Starring John Cusack, Alice Eve, Luke Evans

Directed by James McTeigue

Rated R



Y'guys remember what really made Iron Man (I promise I'm not just geeking out about The Avengers, there's a point here) so good?  It wasn't really the direction or the script, both of which were just okay.  It was that Robert Downey Jr. brought a character to life so strongly, it was able to elevate the entire film to greatness.  The Raven is the other side of that coin.  Pretty much everything about it is entrenched in mediocrity, with one exception: John Cusack.  He just sucks.  I have never seen a good actor give a more enthusiasm-draining performance then he does in this film.  He takes an average movie and turns it into an absolute chore.

The Raven attempts to weave the mysterious death of legendary horror writer Edgar Allen Poe into a grissly murder mystery.  Corpses begin popping up around 19th century Baltimore, the means of death all seemingly taken straight from the pages of Poe's grizzly stories.  He's brought in as a suspect by the local detective (Luke Evans), but after he's cleared of the charges, he tags along to help solve the mystery.  The stakes are raised when Poe's fiance, Emily (Alice Eve), is kidnapped and made part of the equation.

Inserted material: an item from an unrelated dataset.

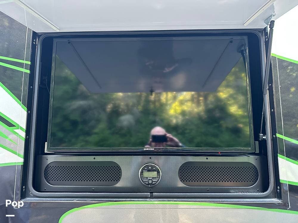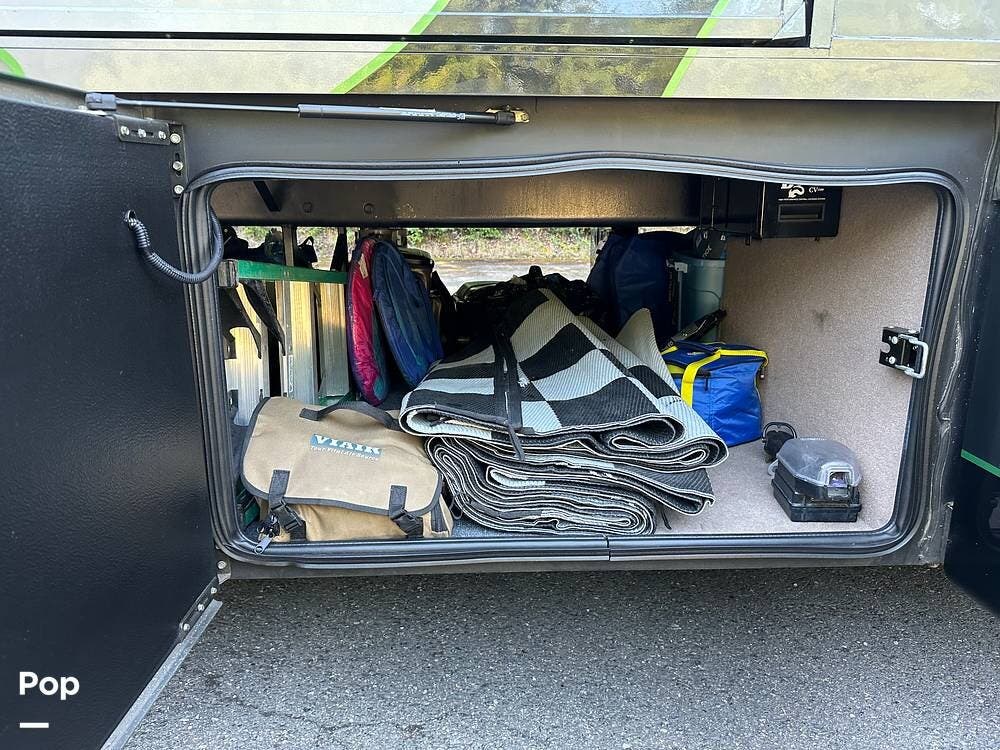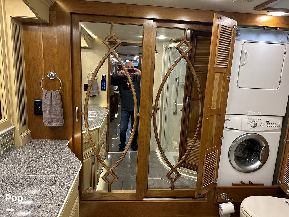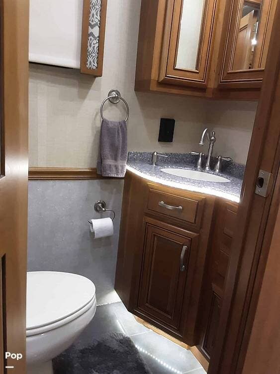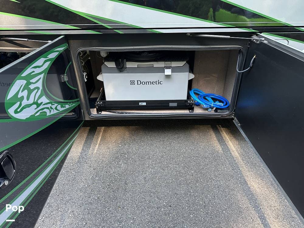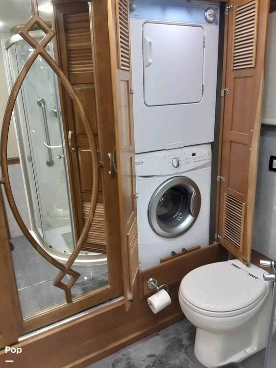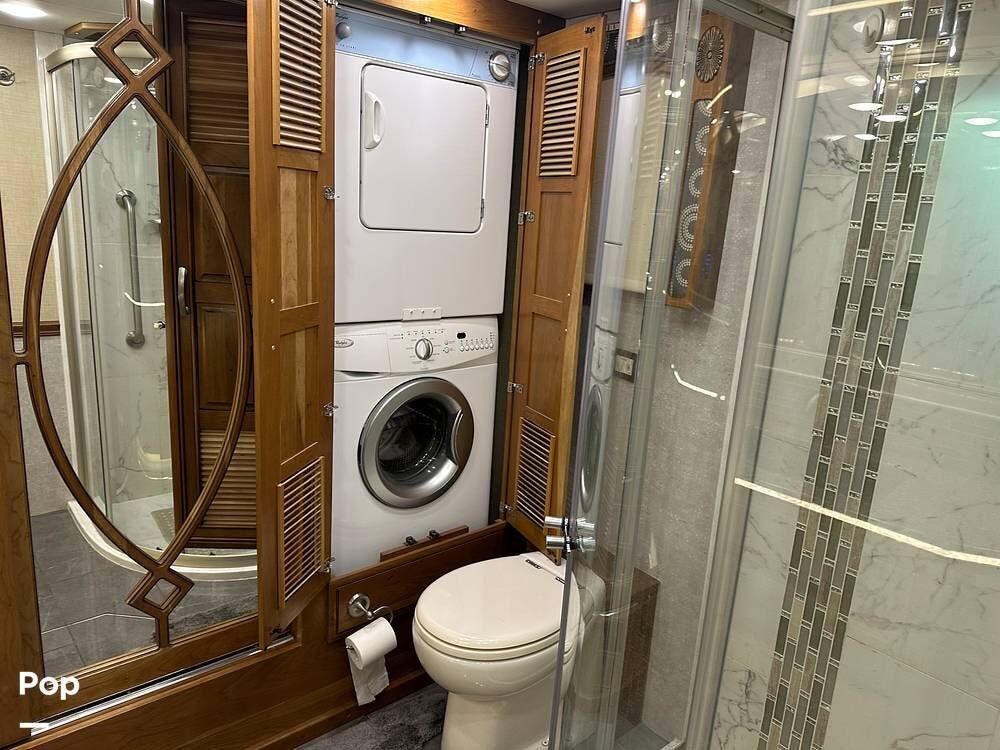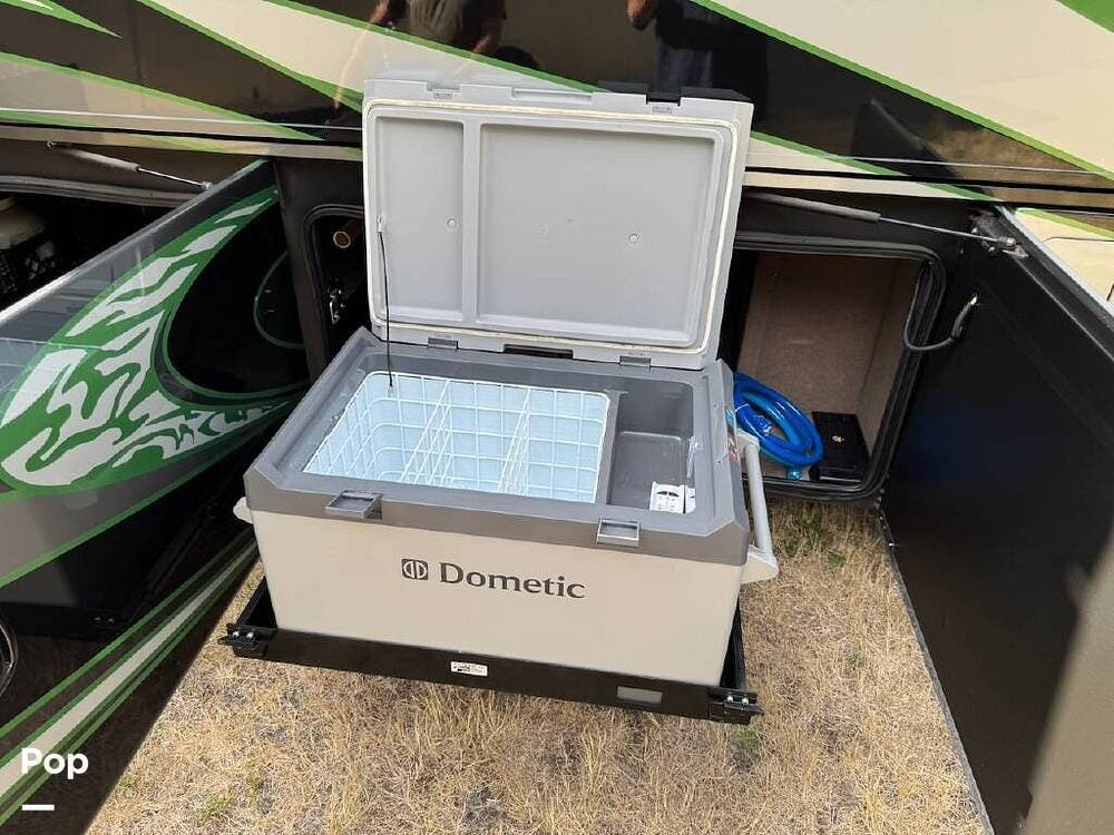 A luxurious living area with high-end furnishings and contemporary conveniences can be found within. The coach's open floor plan makes it simple to move around, and the wide windows let in an abundance of natural light. The kitchen features a dining area for eating meals on the go, ample storage space, and top-of-the-line appliances.

A good chunk of the problem with the lead is just bad casting.  Cusack certainly looks the part of Edgar Allen Poe, but he's also one of those actors known largely for just playing himself.  That's one of the worst things to start with when you want me to believe that he's a 150 year old historical figure.

Even ignoring that, though, Cusack just phones the part in. Sure, he yells and belts out witty phrases and insults, but he somehow just manages to overact while simultaneously exuding boredom. Take the average modern performance from Nicolas Cage, remove all the fun, and you have a pretty good indication of what's in store for you.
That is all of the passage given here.